Тут-то мы понимаем, во что ввязались: мы все подневольные, состоим на службе, хотя она и называется творческим словом: конструктор с ненормированным рабочим днем. Но работает «не нормирование» только в одну сторону – увеличение рабочего дня не возбраняется, но и не оплачивается. Отпроситься в поликлинику можно лишь выписав увольнительную записку, где указана причина (уважительная), с указанием времени отсутствия, с последующими контролем выполнения этого срока отсутствия и вычетом из зарплаты соответствующей суммы. Записка подписывается, по меньшей мере, у двух начальников и сдаётся в табельную (сейчас это трудно представить, потому и описываю эти подробности). До поездки ещё далеко, но нас должны отпустить с работы на несколько месяцев. Четыре недели отпуска – это довольно просто, хотя в летнее время . . . Но дополнительно три месяца? За свой счёт, это понятно. Но ведь должна быть очень уважительная причина. Толин друг женат, и у него – маленький ребёнок. Ему нужно заработать деньги, значительно большие зарплаты инженера. Толя говорит, что собирается жениться, и нужны деньги. Нам дали справки о грядущем заработке, по ставке техника (специально для нашего начальства). У них всё в порядке. А я? Ну что началось в отделе! Начиная с начальника и кончая доброжелателями, не исключая парторга, хотя я не… Я не захотела выворачиваться и сказала честно: мне интересно! Никто не понял. «Ребячество! Уже взрослая, а как девчонка! За деньгами? За женихом? Боишься уведут?»

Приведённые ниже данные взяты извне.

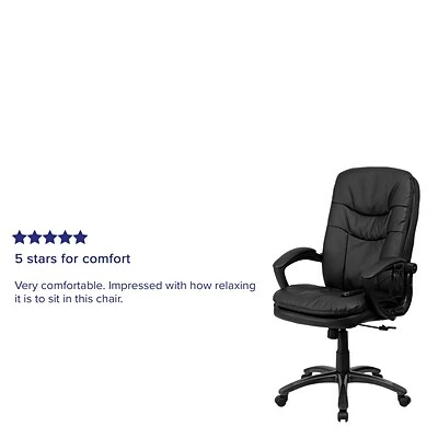 Relieve everyday muscle stress while you work sitting in this Flash Furniture massaging leather executive office chair. The built-in massager helps relax tense lumbar and thigh muscles and includes a handy remote control, which stores conveniently in the chair’s side pocket. This well-built chair is designed to hold up to commercial use in a busy office environment, but it’s also a wonderful choice for your home office.
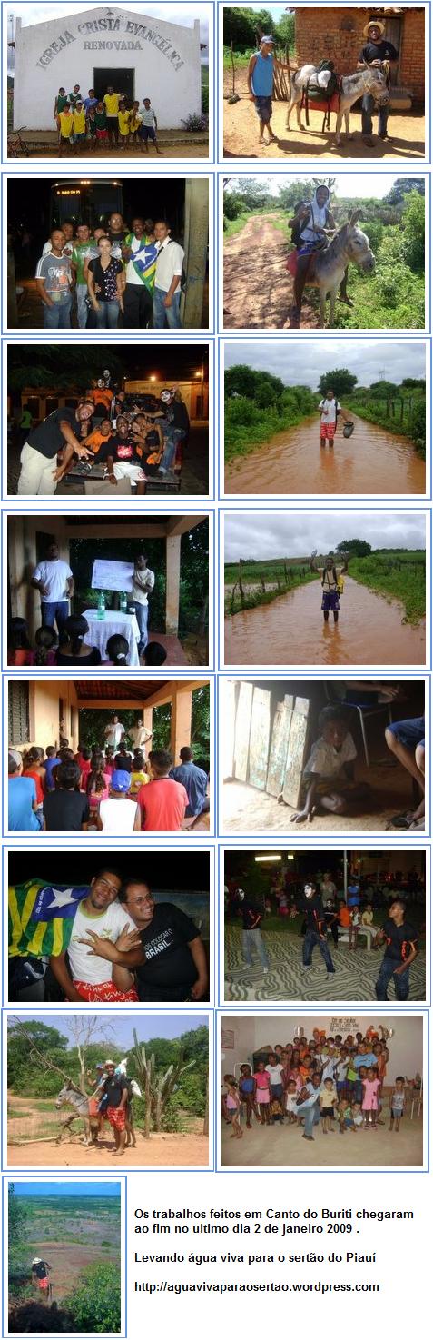 Os trabalhos feitos em Canto do Buriti chegaram ao fim no ultimo dia 2 de janeiro, o que nos deixou saudosos, pois cada momento ali foi vivido com amor pelas vidas conhecidas. Deus com toda certeza preparou cada minuto vivido ali… Cada momento com a igreja… Cada culto nos povoados… Cada tarde de futebol com os jovens e crianças… Cada programa de rádio feito… Cada visita feita as garotas de programa da cidade… Todo tempo investido na cidade de Canto do Buriti foi e será para Glória do Nosso Deus! Meu desejo aqui era poder relatar tudo que vivemos em Canto do Buriti nos últimos 30 dias… Poder relatar cada visita feitas as irmãs que por um problema ou outra circunstância não podem ir aos cultos… Cada estudo ministrado ao pequeno grupo de adolescentes da igreja… Cada Escola Bíblica Dominical com os músicos da igreja… Sem falar à emoção que é poder participar dos cultos nas congregações. Queria aqui poder escrever cada aventura vivida pelos Missionários Filipe Ximenes e Fagner Tiago durante os dias em que eles ficaram nas congregações do Jenipapo, Tabuleiro, Retiro onde foram canais de bênçãos na vida de cada um ali. Então como não posso escrever tudo vou tentar passar cada situação vivida registradas através das fotos que foram feitas, pois entendo que elas podem traduzir melhor o que desejo compartilhar com os amados amigos e irmãos… Que através de cada foto aqui Deus fale poderosamente ao teu coração, e que você venha fazer parte de futuros projetos aqui no sertão do Piauí. 05/03/2009 Paz e Graça!!! Bom... Não sei se este e-mail será do agrado de todos os irmãos, mas tenho que compartilhar com cada um de vocês... Tenho procurado ser claro e objetivo no meu ministério em relação a tudo o que acontece até por que somos parceiros e companheiros de ministério, pois entendo que sozinho não poderei ir muito longe. Em 2008 sente um desejo muito de grande de poder aprender um pouco mais do Senhor... Cresceu dentro de mim uma vontade de poder reciclar tudo o que aprendi durante todos esses anos de ministério... Procurei fazer escolas de treinamento para melhor servi o corpo de Cristo. Desde Julho do ano passado quando deixei a liderança do Missões Piauí para poder trabalhar com igrejas locais no sertão do Piauí Deus tem me levado a um aprendizado muito grande provando que Ele mesmo nos ensina da maneira que Ele quer. Amados confesso que mesmo sabendo as Soberania de Deus, e conhecendo que todas as coisas são para o nosso bem venho enfrentando momentos não muito bons em meu ministério... Estou sem mantenedor o que me deixa impossibilitado de fazer os trabalhos como antes. Queridos venho pedir as orações de vocês, pois se as coisas continuarem assim não sei se poderei dar continuidade aos trabalhos aqui no sertão. -- Miss. Eliezer Neto 23/04/2009 O semi árido brasileiro faz parte dos nove Estados do nordeste e são milhares de quilômetros quadrados. É muito chão! As distâncias entre as cidades são enormes e há milhares de pequenos povoados vivendo praticamente no anonimato, esquecidos pela mídia e pela sociedade, negligenciados pela política e infelizmente também pela igreja. Quanto maior o Estado, maior o abandono e lentidão dos acontecimentos. Quanto mais distante das capitais, menor o número de crentes e de obreiros. Trabalhar para o resgate do sertanejo é trabalho missionário, pois é necessária a ajuda e suporte das igrejas dos grandes centros urbanos no envio e manutenção de obreiros; mas até quando esperar que as igrejas acordem? Deus, na Sua sabedoria e amor, tem despertado e levantado pessoas em cada Estado para trabalhar na expansão do Seu Reino a partir de locais estratégicos como é o caso do sertão sul do Piauí e do missionário Eliezer Neto. Muitas vezes o anseio dos obreiros em querer avançar é freado pelas limitações e o Eliezer tem aprendido a filtrar suas emoções e a aguardar com serenidade a vontade do Senhor, pois quando Deus quer, a Sua vontade SEMPRE é feita. Nunca faltarão recursos para a obra missionária, por menor que seja o recurso de um missionário e trabalhar para o Senhor no sertão nordestino tem trazido muita alegria e confiança no suprimento divino. A oração que o Senhor Jesus nos pediu (a única que ele nos pediu) foi para pedirmos ao Dono da seara que envie obreiros. Que o Senhor desperte e envie obreiros para o sertão sul do Piauí e fortaleça o trabalho que já tem sido desempenhado com fidelidade e amor. Amém. Parabéns pelo trabalho. Deise Machado 13/05/2009 Queridos amigos e irmãos, Quero passar a cada um de vocês o link do nosso pequeno vídeo que fizemos , e postamos no You Tube... Queremos comoobjetivo principal mostra um pouco do nosso trabalho aqui no sertão do Piauí. Por favor, não deixe de ver o que Deus tem feito em nossa terra! http://www.youtube.com/watch?v=fj5hlBA6jQc http://aguavivaparaosertao.wordpress.com 9 de junho de 2009 Nos últimos dias os telejornais de todas as televisões do Brasil noticiaram os estragos sofridos pelo povo do Piauí causados pelas fortes chuvas e pelo rompimento da barragem de Algodões no norte do Piauí. É realmente triste pensar que as chuvas tão esperadas para aliviar o sofrimento do sertanejo venham com tamanha fúria a ponto de matar e destruir tudo que o sertanejo tem para viver no sertão do Brasil. Meu coração fica paralisado ao ver nos jornais tamanho estrago promovido pela força das águas. Mas o que me deixa mais agoniado não é ver o que tem feito a força das águas no Piauí, e sim saber que além de perde tudo com as fortes chuvas o povo do sertão tem morrido sem conhecer a salvação. Existe um ditado popular que diz: “vão-se os anéis e fica-se os dedos” o que é verdade, pois o sertanejo é um povo forte e com certeza vai lutar para recuperar tudo que a chuva levou... Mas existe algo que o sertanejo não pode recuperar depois da morte que é a salvação que o poder do ev
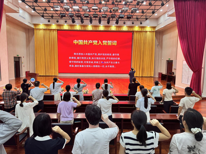 活动在庄严肃穆的氛围中拉开帷幕。全体党员教师面向党旗,高举右拳,重温入党誓词。铿锵有力的誓言回荡在会场,表达了大家坚守理想信念、践行初心使命的坚定决心。
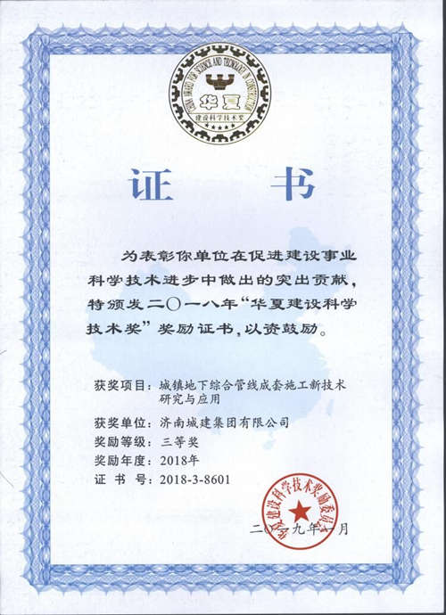 集团《城镇地下综合管线成套施工新技术研究与应用》荣获华夏建设科学技术奖三等奖
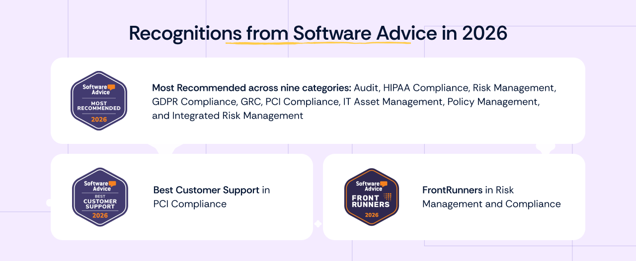 Being recognized in the 2026 Software Advice reports is especially meaningful because it reflects real customer experiences and feedback. Distinctions like these motivate us to keep pushing the boundaries of what our platform can do and confirm that we’re on the right track in helping organizations simplify risk and compliance at scale.
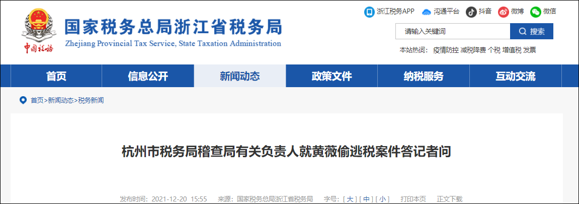 杭州市税務局稽查局有關負責人就黃薇偷逃税案件答記者問
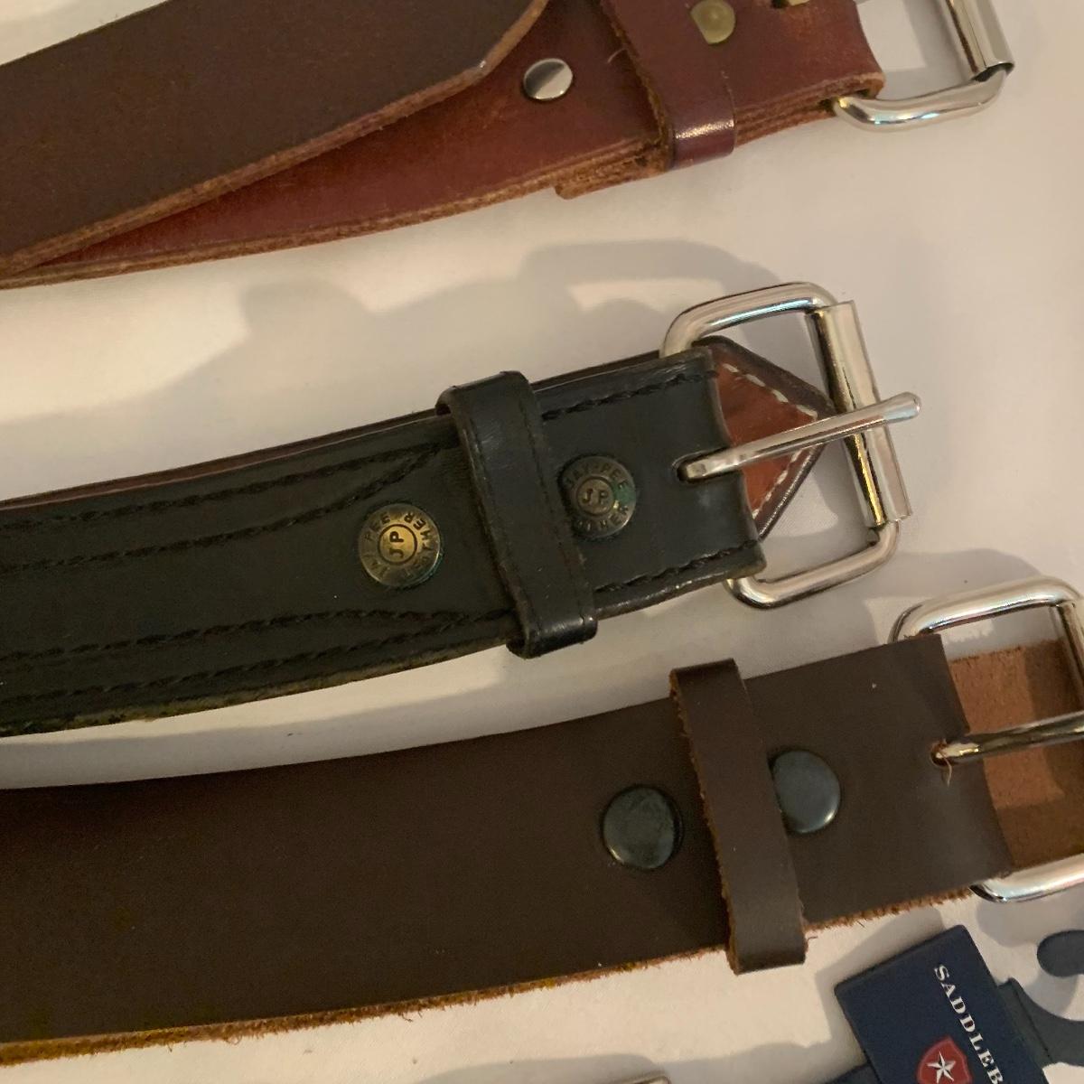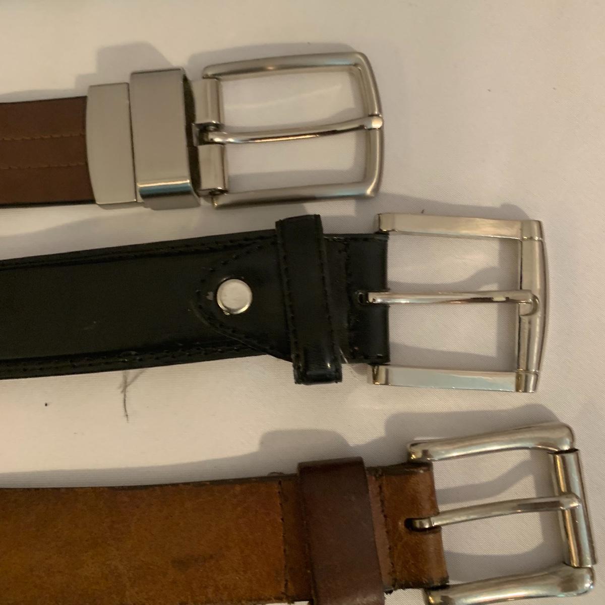 Gentlemen, here’s a chance to add class to your wardrobe. Offered are several ties featuring brands Comfort Zone, George Forman, and Alexander Loyd. There are eleven ties in all, and a tie rack is also included. This lot also includes a group of belts. Most of them are leather and a few are canvas. All belts are size large. There are 27 belts total. Local pickup only.
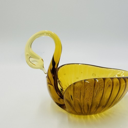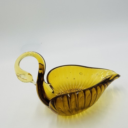 Swan Bowl Glass Figurine Vintage Art Amber and 42 similar items
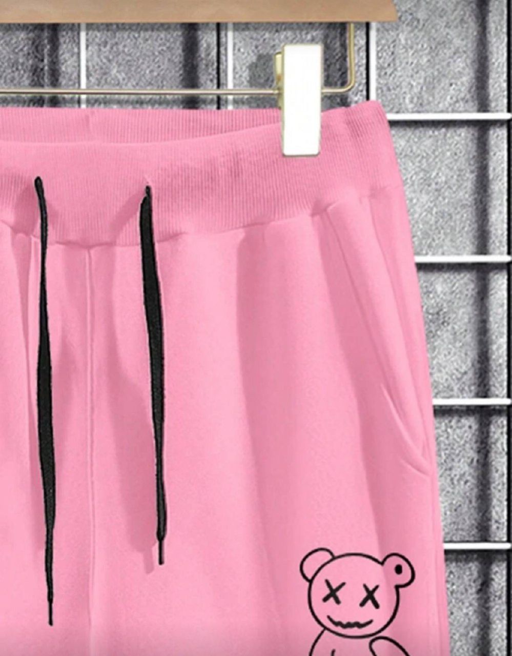 Manfinity Homme بلوزة رياضية مطبوعة بالدب وبنطلون رياضي بخصر رباط، للخروج، رسومات، مضحك، سادة، متطابق للأزواج، ملابس الخريف

– Да нет же, неужели непонятно, как интересен этот край, куда другим разом и способом не попадёшь!

Я даже сама пока не знала, какое стечение обстоятельств и случайностей помогло нам, превратило в реальность.

Меня обрабатывают, перерабатывают, обсуждают. Мне рассказывают об ужасах начинённой уголовниками тайги. О том, что если гоняться за мужчиной, он использует меня и бросит, что надо уважать себя и прочее, прочее. Сроки подходили, и я сдалась. За деньгами я, и успокойтесь! Я предъявила справку зарплаты техника-геолога с полевыми и северными. О-го-го! Мне тут же всё подписали. На следующий день парторг отдела, А.Д., встретив меня в коридоре, остановился: "Признайся, всё-таки за женихом?" Я, не сказав ни слова, ушла.

Началась подготовка к экспедиции. После рабочего дня мы бежим на геологическую базу, где под контролем начальника экспедиции Серёжи получаем продукты на складе. Он просвещает нас относительно специфики работы, потребности медицинского и медикаментозного обслуживания (это однозначно стало сферой моей заботы). Мы докупаем необходимые для пребывания в этом крае продукты: чеснок (тогда в Москве появился прекрасный израильский чеснок), 6 кг, лук – 6 кг, сухофрукты; сушим белые и чёрные сухари; ремонтируем выданные накомарники и ищем чешское средство от комаров – репудин (наше средство местные комары не уважают, а запах не уважаем мы).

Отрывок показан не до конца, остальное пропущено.